Independent journalism, online commentary and debates began to flourish. Bloggers and social media users initiated discussions on a wide range of social, economic, and political topics including the authorities’ use of foreign loans; government corruption on the national and local level; temporary water, gas and electricity cuts; as well as the plight of victims of domestic violence. Many spoke out boldly, criticising senior government officials and demanding respect for the rule of law and human rights principles. These developments, alongside the release from prison of several human rights activists and journalists who had been sentenced to long prison terms on politically-motivated charges, raised hopes for reform and free speech and many experts in Uzbekistan and abroad regarded them as indicators of a political thaw.
  
As this period coincided with growing internet access across Uzbekistan, bloggers were able to grow extensive followings and communicate to large audiences. Many of the issues raised by influential bloggers and initially disseminated via social media and internet messengers, have subsequently been picked up and referred to by media outlets and government press services.
 
The President continues to speak out in favour of free speech.
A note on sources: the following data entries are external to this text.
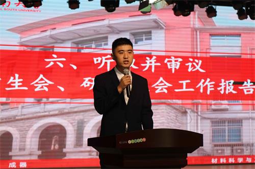 随后材料学院学生会主席马思远和研究生会主席姜宗好分别进行工作汇报。马思远说到,材料学院在校学生会和院团委的指导下,做到“思想引领,旗帜鲜明”,同时营造优良的学风建设环境,强化服务学生权益的意识,注重以文化人,开展多样文化活动。相信材料学院学生会在今后会继续怀揣高昂的工作热情,全心全意为同学服务。姜宗好表示,材料学院研究生会坚持思想引领,坚持依法依章程展开工作,以服务学生为己任。在党委和学联的正确领导下,团委的具体指导下,研会将不辱时代使命,不负同学期望,为william威廉英国官网材料学科的双一流建设和实现中华民族的伟大复兴贡献青春智慧。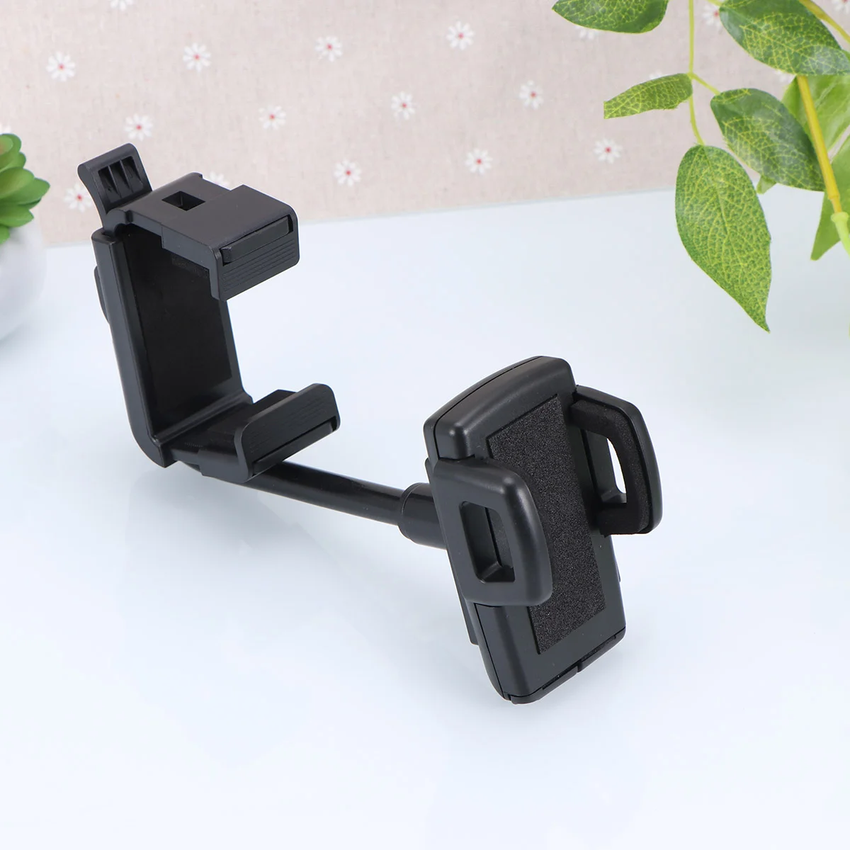 Изготовленный из высококачественного материала, этот автомобильный зеркальный держатель для телефона специально разработан для долговечности и долговечности. Благодаря своей прочной конструкции и конструкции этот держатель телефона может эффективно избежать вибрации и обеспечит стабильную среду для просмотра вашего телефона или другого устройства. Этот автомобильный аксессуар позволит вам без использования рук просматривать и звонить во время вождения, что очень удобно и практично в использовании.     Особенности   -Цвет: черный. -Материал: АБС-пластик.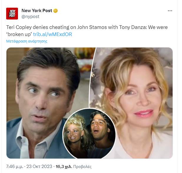 Ο Τζον Στάμος στα απομνημονεύματά του αποκάλυψε για πρώτη φορά, την απιστία της πρώην συντρόφου του, Τέρι Κόπλεϊ, τη δεκαετία του 1980. Ο Ελληνοαμερικανός ηθοποιός στο βιβλίο για τη ζωή του, προχωράει σε πολύ προσωπικές αποκαλύψεις, μεταξύ αυτών και την απιστία της πρώην συντρόφου του, την οποία αναδημοσιεύει το People.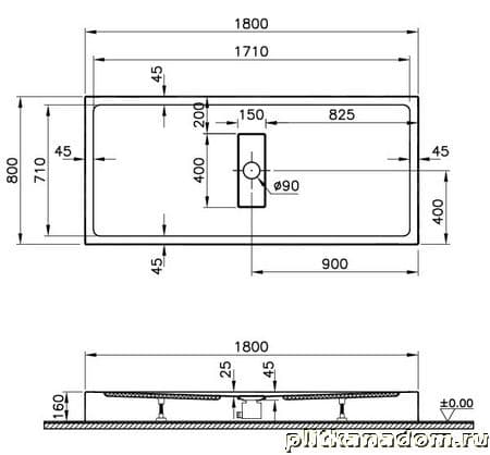 Vitra Slim 57830028000 Душевой поддон моноблок+AC 180x80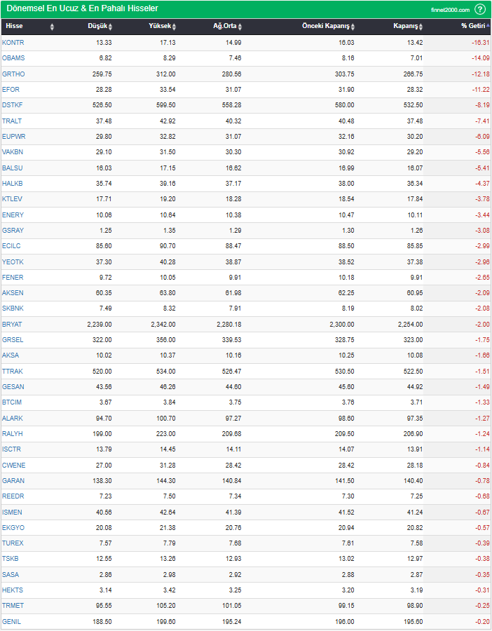 Hisse senedinin seçilen baza göre bağıl getirisinin gösterildiği tablodur. “Ucuz hisseler” tablosunda seçilen baza göre bağıl getirisi negatif olanlar görüntülenir. Baz getiriye göre ucuz ve pahalı hisselerin listelenmesi, hem endeks bazında hem de sektör bazında hızlı hareket eden yada yavaş hareket hisseleri görebilmenizi sağlar.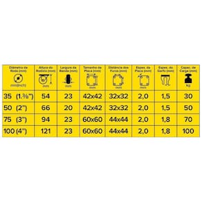 Super resistente o rodízio da Fertak oferece capacidade de carga além de elevada resistência a impactos e ótimo desempenho. Conta com roda em poliuretano de alta qualidade, placa em aço com maior resistência a corrosão e oxidação, eixo giratório, trava da roda e o melhor, é super fácil de instalar, basta fixá-lo ao equipamento ou móvel desejado, dispensando a necessidade de montar o rodízio.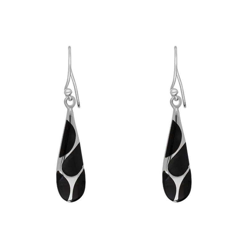 • Sterling Silver Whitby Jet Four Stone Slim Tear Drop Earrings - E594 (00074395)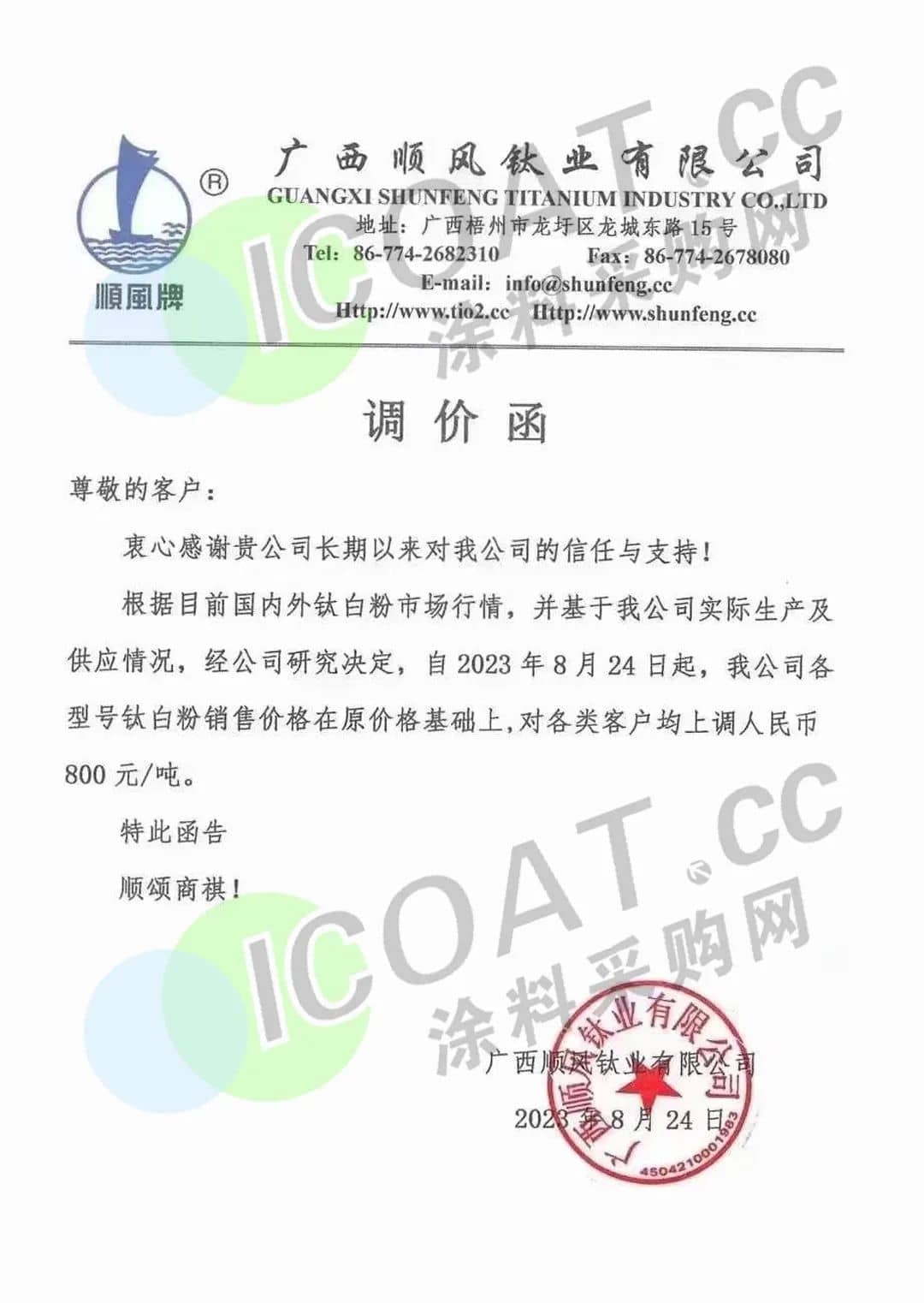 廣西順風鈦業(yè)表示,24日起,公司各型號鈦白粉銷售價格,各類用戶均上調800元/噸。

Most recently, on 26 June 2024, he congratulated press and media workers, saying that “[c]ritical and analytical materials, in particular, on shortcomings in the field of construction, ecology and environmental protection, road safety, as well as in the social and economic spheres help to ‘wake up’ some ‘dormant’ leaders and officials at the local level, make them work in a new way, live with the concerns of people […] our caring and noble journalists, active bloggers with their firm positions and impartial words make a worthy contribution to solving acute life problems, increasing the effectiveness of reforms, expanding the views and worldview of compatriots”.
     
However, our ongoing monitoring of the human rights situation shows that the year 2020 saw significant growth in the number of cases of pressure, harassment and administrative detention of those who criticised the authorities and their relatives, and from 2021 onwards, law enforcement bodies, often with the involvement of local and neighbourhood committees, increasingly clamped down on critical bloggers and social media commentators. Demands to remove publications were frequent as well as internet trolling which often led to criminal prosecutions. Courts typically failed to protect bloggers’ rights to freedom of expression and opinion.
     
When it comes to the legislative framework, some laws adopted as part of the government’s reform programme improved the legal framework for freedom of expression and the rule of law, but other newly introduced legislation poses threats to freedom of expression and criminal punishment for defamation remains in place.
   
The authorities’ attention to bloggers and social media commentators appears to be linked to the increased importance and influence of social media, which offers the potential to reach and unite users across Uzbekistan around political and socio-economic concerns and grievances.